First, let us have a quick description of Niger:

Niger is one of the poorest countries in the world, ranking last on the United Nations Development Fund index of human development. It is a landlocked, Sub-Saharan nation, whose economy centers on subsistence crops, livestock, and some of the world's largest uranium deposits.Drought cycles, desertification, a 2.9% population growth rate, and the drop in world demand for uranium have undercut the economy. Niger shares a common currency, the CFA franc, and a common central bank, the Central Bank of West African States (BCEAO), with seven other members of the West African Monetary Union. In December 2000, Niger qualified for enhanced debt relief under the International Monetary Fund program for Highly Indebted Poor Countries (HIPC) and concluded an agreement with the Fund on a Poverty Reduction and Growth Facility (PRGF). Debt relief provided under the enhanced HIPC initiative significantly reduces Niger's annual debt service obligations, freeing funds for expenditures on basic health care, primary education, HIV/AIDS prevention, rural infrastructure, and other programs geared at poverty reduction. In December 2005, it was announced that Niger had received 100% multilateral debt relief from the IMF, which translates into the forgiveness of approximately $86 million USD in debts to the IMF, excluding the remaining assistance under HIPC. Nearly half of the government's budget is derived from foreign donor resources.
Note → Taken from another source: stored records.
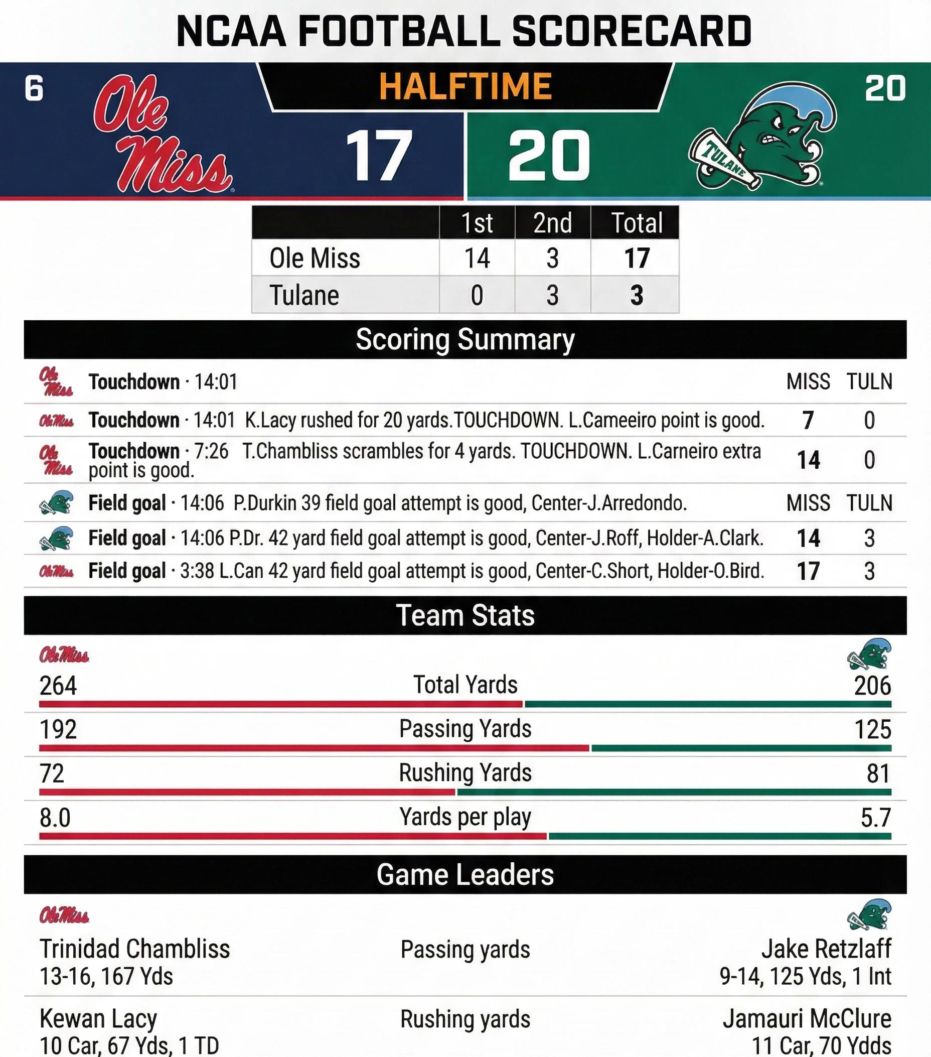 Ole Miss vs Tulane Halftime Report: Rebels Lead 17–3 in Playoff Showdown
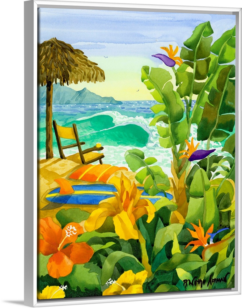<p>Tropical vegetation is painted in the foreground of this picture with a beach umbrella, chair, towel and surfboard laying on the beach just to the left of it.</p>
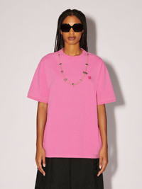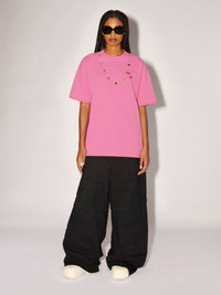 Made from 100% cotton, the short-sleeved, pink t-shirt features stoppers detailing and the AMBUSH® monogram logo embroidered at the front. Product ID: BMAA055S23JER0013230 SIZING MODEL CLINTON WEARS SIZE M HEIGHT: 6’ 13” (187 CM) BUST: 34” (87 CM) WAIST: 26” (68 CM) HIPS: 36” (92 CM) MODEL HARLEY WEARS SIZE M HEIGHT: 5’ 11” (180 CM) BUST: 32” (82 CM) WAIST: 24” (61 CM) HIPS: 35” (89 CM) MATERIAL FABRIC 100% COTTON

Future growth may be sustained by exploitation of oil, gold, coal, and other mineral resources. Uranium prices have recovered somewhat in the last few years. A drought and locust infestation in 2005 led to food shortages for as many as 2.5 million Nigerians.
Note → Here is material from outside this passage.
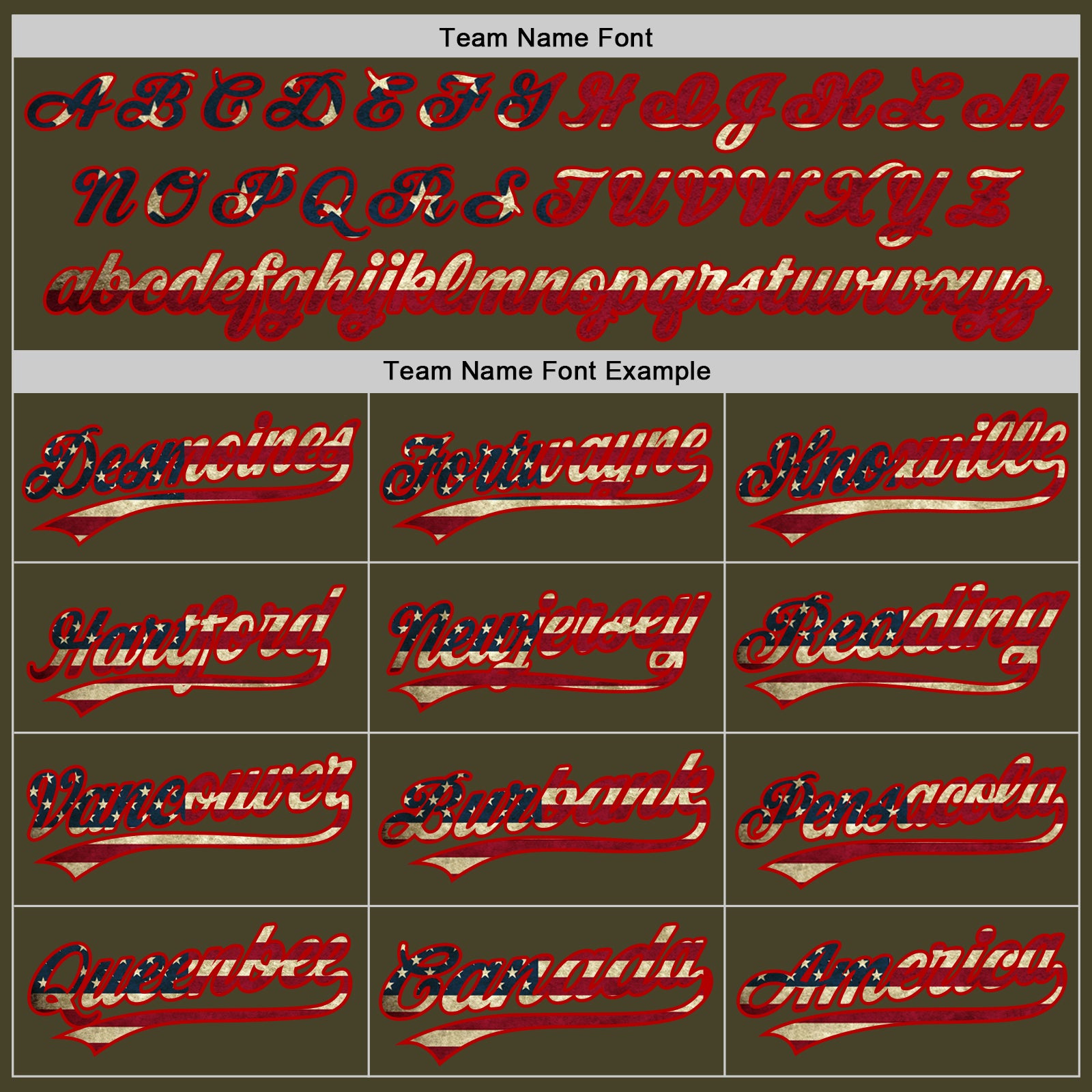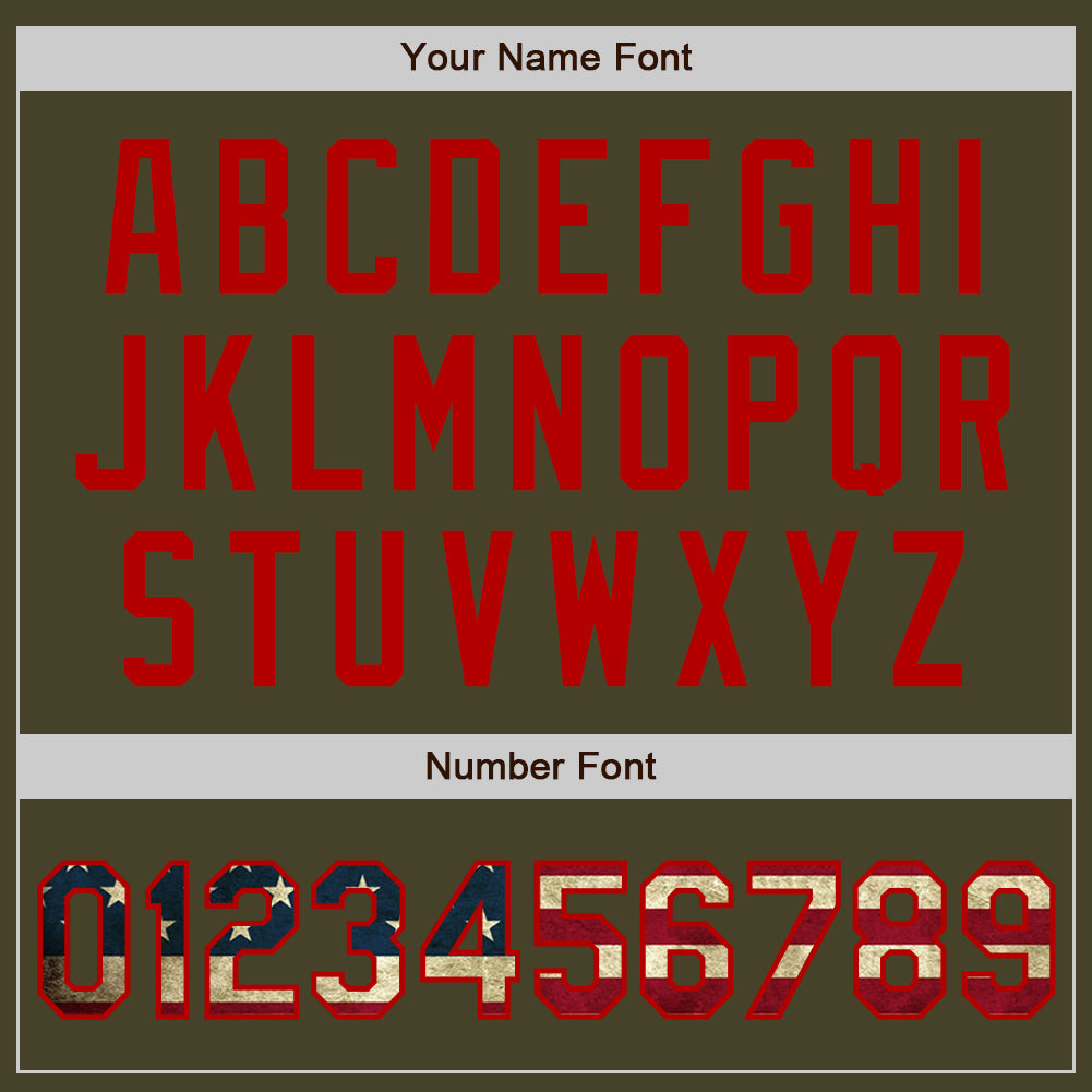 Custom Stitched Olive Vintage USA Flag-Red Baseball Pullover Sweatshirt Hoodie

Got that? It is a dirt poor country which lives mostly by subsistence agriculture...the only thing someone from outside Niger wants from inside Niger is uranium. Now there is this, from Christopher Hitchens:

In February 1999, Zahawie left his Vatican office for a few days and paid an official visit to Niger, a country known for absolutely nothing except its vast deposits of uranium ore. It was from Niger that Iraq had originally acquired uranium in 1981, as confirmed in the Duelfer Report. In order to take the Joseph Wilson view of this Baathist ambassadorial initiative, you have to be able to believe that Saddam Hussein's long-term main man on nuclear issues was in Niger to talk about something other than the obvious. Italian intelligence (which first noticed the Zahawie trip from Rome) found it difficult to take this view and alerted French intelligence (which has better contacts in West Africa and a stronger interest in nuclear questions). In due time, the French tipped off the British, who in their cousinly way conveyed the suggestive information to Washington. As everyone now knows, the disclosure appeared in watered-down and secondhand form in the president's State of the Union address in January 2003.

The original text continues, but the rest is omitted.